I’m reluctant to admit this, but it’s a plain fact of my own experience that many sincere Christians and other religious people I know are decidedly pro-war, pro-killing, pro-violence, and perhaps even pro-torture. This saddens me greatly and regularly, especially since such sentiments are diametrically opposed to plain teaching of the Lord Jesus:
But I say to you who hear, Love your enemies, do good to those who hate you, bless those who curse you, pray for those who abuse you. To one who strikes you on the cheek, offer the other also, and from one who takes away your cloak do not withhold your tunic either. Give to everyone who begs from you, and from one who takes away your goods do not demand them back. As you wish that others would do to you, do so to them.

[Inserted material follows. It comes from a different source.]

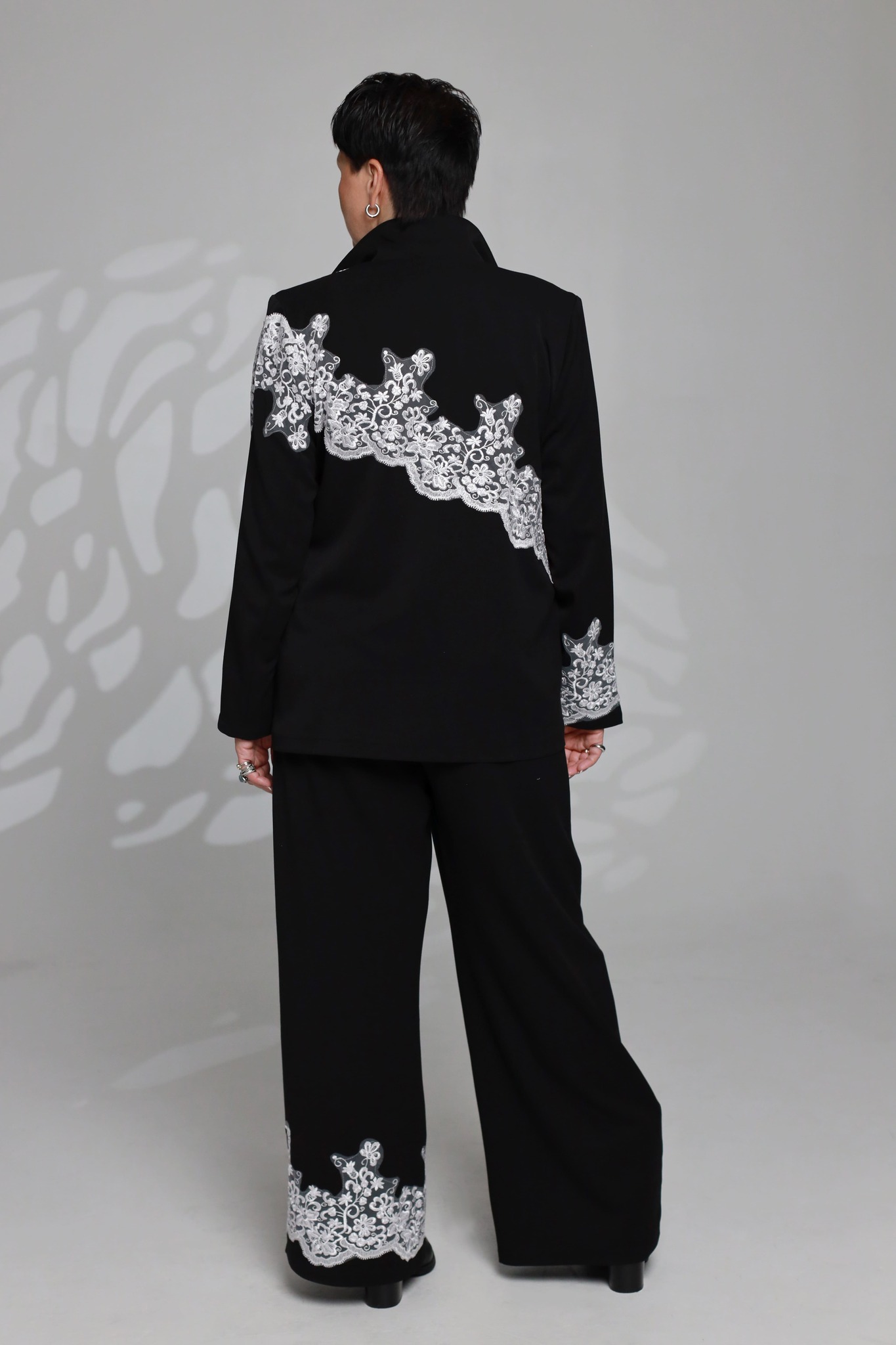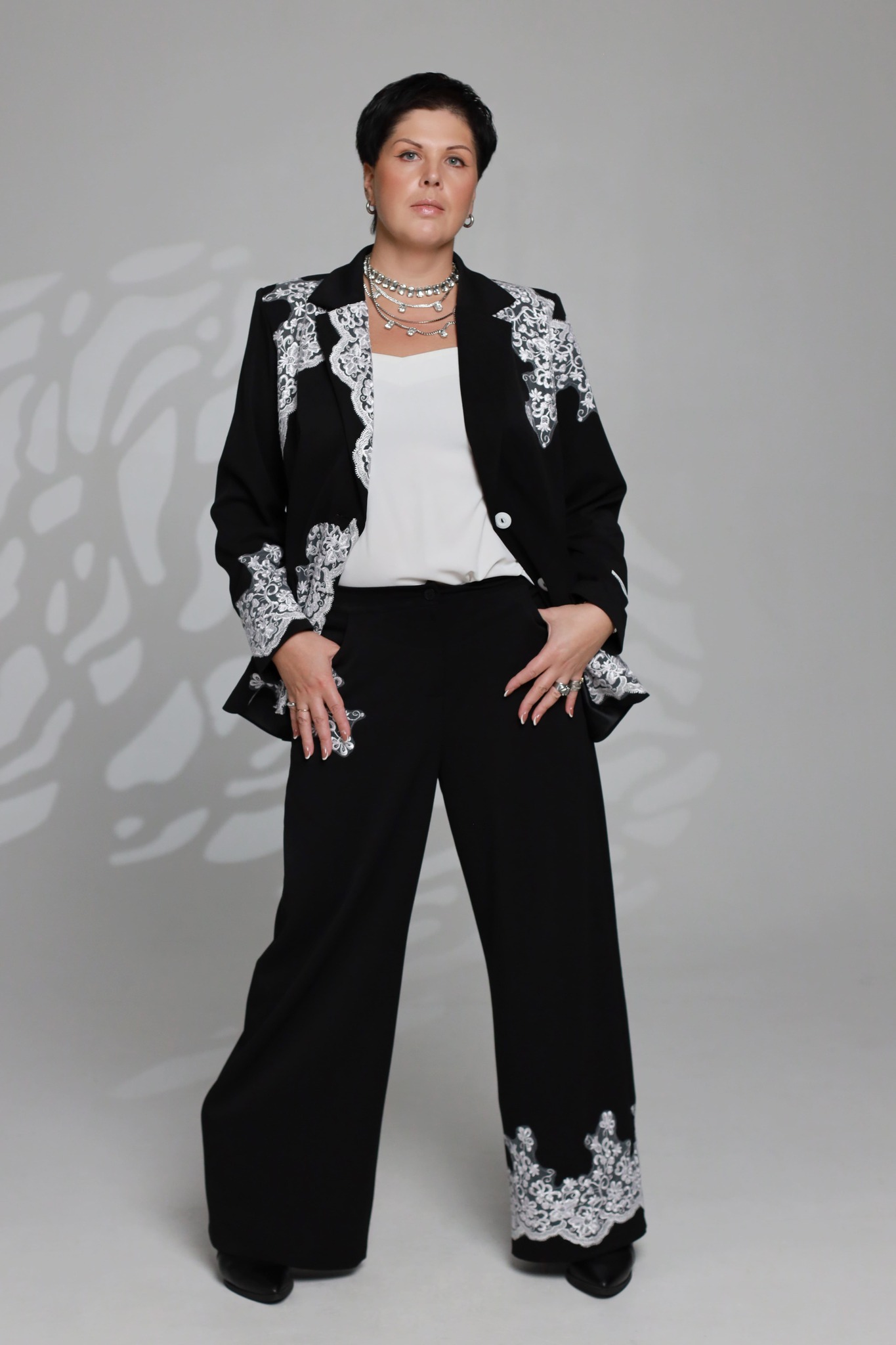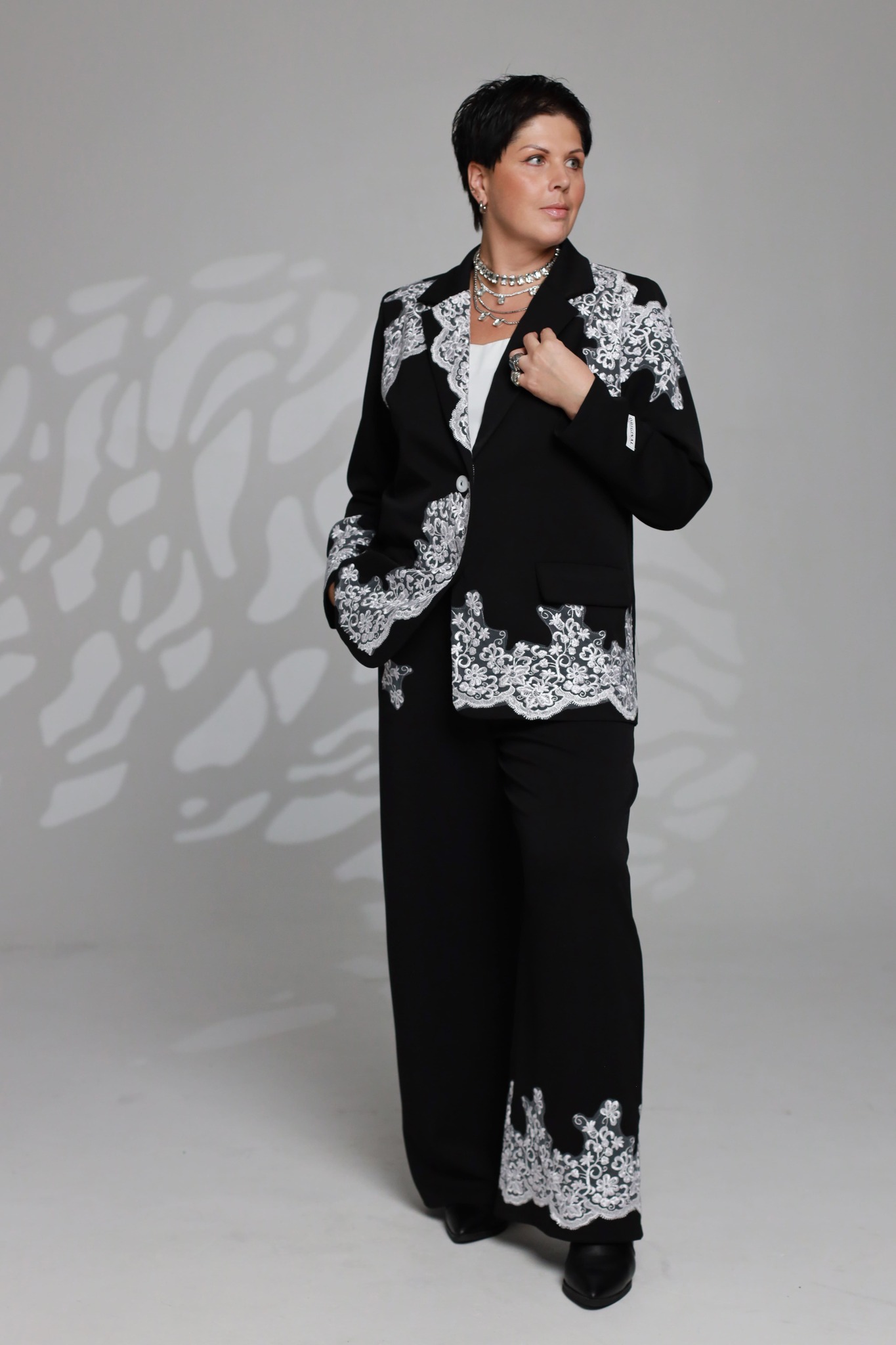 Брюки также выполнены свободного кроя и дополнены карманами, что делает костюм удобным в повседневной жизни. особое внимание заслуживает изящная вышивка, которая подчёркивает индивидуальность модели и придаёт ей элегантный акцент.

If you love those who love you, what benefit is that to you? For even sinners love those who love them. And if you do good to those who do good to you, what benefit is that to you? For even sinners do the same. And if you lend to those from whom you expect to receive, what credit is that to you? Even sinners lend to sinners, to get back the same amount.
But love your enemies, and do good, and lend, expecting nothing in return, and your reward will be great, and you will be sons of the Most High, for he is kind to the ungrateful and the evil. (Luke 6:27-35)
Are these words of Jesus to be taken seriously or not? If so, how can a follower of Christ advocate or support the execution of modern warfare, especially when so many of those who end up getting killed (cynically called “collateral damage”) are human beings created b’tzelem elohim – in the image of God?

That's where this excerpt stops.